Generally speaking, the bots tend to follow really popular accounts. And they tend not to come in swarms of thousands but one or two at a time, maybe a few dozen at most.
So the mystery remained: why was a San Diego high schooler suddenly a spambot magnet?
I began to search through Olivia's followers looking for patterns.
The first thing I noticed: Olivia wasn't part of every bot in the swarm's follow list, but she was predominant. No other account that I could find had been targeted so often, not even Lebron James.
There is an underground economy in fake-account creation, as Newt Gingrich discovered when his campaign was accused of buying Twitter followers. What people are buying, of course, is not real people, but robot-generated accounts created to make it look like people are more famous than they are.
This kind of bot normally just picks accounts from Twitter's suggested user list, the Lebron Jameses and ESPNs.

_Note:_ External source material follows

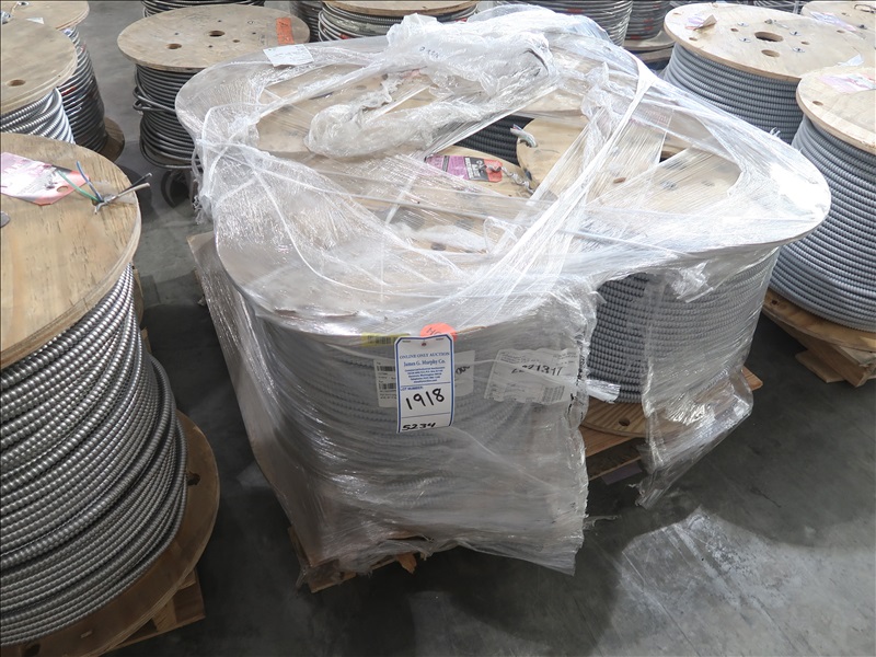 LOT, (4) PARTIAL SPOOLS OF SIZE 10/2, NEUTRALS 2X10, GROUNDS 1X10 METAL CLAD ELECTRICAL CABLE ON THIS PALLET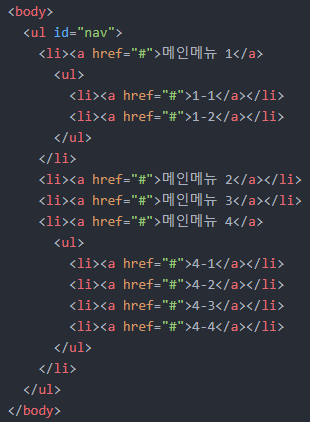 나중에 메뉴에 스타일을 적용할 것이기 때문에 가장 바깥 <ul>에 "nav"라는 id를 만들어 줍니다.

But perhaps someone had tried to up its sophistication by including something some regular users. Or maybe there was some sort of bug in its "Who should I follow?" code.
Other kinds of bots decide to follow people based on what they tweet, but looking at just a few examples, it was clear that there was no content connection between Olivia and the other people these bots were following.
The second thing I noticed: the spambots were following a lot of golf caddies. I couldn't explain that one immediately, but keep it in mind.